### What you are asked to do
When the line containing "作品描述:2019年12月8" is found in the data below, copy it and each line after it through the line containing "Dámský modelový klobouk", exactly and with no others.

START Material supplied

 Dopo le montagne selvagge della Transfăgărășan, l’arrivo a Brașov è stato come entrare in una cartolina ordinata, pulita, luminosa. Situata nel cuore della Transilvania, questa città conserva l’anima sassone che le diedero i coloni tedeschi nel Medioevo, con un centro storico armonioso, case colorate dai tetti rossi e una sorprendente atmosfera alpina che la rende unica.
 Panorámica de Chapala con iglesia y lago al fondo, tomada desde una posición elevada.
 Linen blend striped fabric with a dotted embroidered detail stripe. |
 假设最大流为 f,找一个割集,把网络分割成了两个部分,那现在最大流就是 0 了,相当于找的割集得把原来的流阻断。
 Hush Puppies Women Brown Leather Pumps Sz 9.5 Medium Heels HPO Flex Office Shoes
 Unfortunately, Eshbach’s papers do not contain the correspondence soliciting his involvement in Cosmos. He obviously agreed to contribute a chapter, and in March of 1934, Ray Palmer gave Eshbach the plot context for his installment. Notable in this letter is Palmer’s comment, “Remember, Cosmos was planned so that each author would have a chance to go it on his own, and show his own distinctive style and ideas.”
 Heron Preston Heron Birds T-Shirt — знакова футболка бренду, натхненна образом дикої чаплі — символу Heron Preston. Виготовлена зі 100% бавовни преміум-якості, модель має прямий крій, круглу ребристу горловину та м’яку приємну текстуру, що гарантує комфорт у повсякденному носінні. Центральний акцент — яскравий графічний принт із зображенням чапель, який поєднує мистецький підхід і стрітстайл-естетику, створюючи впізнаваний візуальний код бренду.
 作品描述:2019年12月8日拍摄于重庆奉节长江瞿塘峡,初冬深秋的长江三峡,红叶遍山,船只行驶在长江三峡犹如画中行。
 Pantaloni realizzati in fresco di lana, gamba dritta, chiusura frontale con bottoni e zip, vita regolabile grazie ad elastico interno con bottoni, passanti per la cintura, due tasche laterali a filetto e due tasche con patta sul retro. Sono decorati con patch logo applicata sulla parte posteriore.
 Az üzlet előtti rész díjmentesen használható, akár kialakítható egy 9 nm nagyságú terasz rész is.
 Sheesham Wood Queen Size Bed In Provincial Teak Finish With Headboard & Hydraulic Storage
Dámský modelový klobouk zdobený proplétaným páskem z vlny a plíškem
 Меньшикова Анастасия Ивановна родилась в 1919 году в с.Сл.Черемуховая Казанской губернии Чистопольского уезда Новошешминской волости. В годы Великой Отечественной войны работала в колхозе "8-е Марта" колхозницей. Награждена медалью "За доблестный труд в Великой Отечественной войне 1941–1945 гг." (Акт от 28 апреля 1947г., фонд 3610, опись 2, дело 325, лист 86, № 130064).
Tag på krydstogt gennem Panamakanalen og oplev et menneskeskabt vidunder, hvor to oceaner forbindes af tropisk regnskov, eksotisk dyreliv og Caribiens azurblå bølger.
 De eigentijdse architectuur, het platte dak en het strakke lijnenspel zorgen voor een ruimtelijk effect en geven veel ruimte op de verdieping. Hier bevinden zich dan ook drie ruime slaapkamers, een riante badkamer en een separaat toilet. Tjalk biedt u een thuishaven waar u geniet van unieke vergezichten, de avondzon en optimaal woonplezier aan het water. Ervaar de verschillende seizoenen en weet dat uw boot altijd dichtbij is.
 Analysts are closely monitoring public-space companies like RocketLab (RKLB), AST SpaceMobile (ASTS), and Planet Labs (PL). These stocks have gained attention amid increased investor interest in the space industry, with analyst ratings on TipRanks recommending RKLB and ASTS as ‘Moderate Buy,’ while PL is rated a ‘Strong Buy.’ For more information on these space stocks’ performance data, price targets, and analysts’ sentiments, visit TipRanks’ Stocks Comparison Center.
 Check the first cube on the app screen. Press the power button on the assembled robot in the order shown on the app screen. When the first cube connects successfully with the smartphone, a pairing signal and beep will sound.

END Material supplied

### Written response
 作品描述:2019年12月8日拍摄于重庆奉节长江瞿塘峡,初冬深秋的长江三峡,红叶遍山,船只行驶在长江三峡犹如画中行。
 Pantaloni realizzati in fresco di lana, gamba dritta, chiusura frontale con bottoni e zip, vita regolabile grazie ad elastico interno con bottoni, passanti per la cintura, due tasche laterali a filetto e due tasche con patta sul retro. Sono decorati con patch logo applicata sulla parte posteriore.
 Az üzlet előtti rész díjmentesen használható, akár kialakítható egy 9 nm nagyságú terasz rész is.
 Sheesham Wood Queen Size Bed In Provincial Teak Finish With Headboard & Hydraulic Storage
Dámský modelový klobouk zdobený proplétaným páskem z vlny a plíškem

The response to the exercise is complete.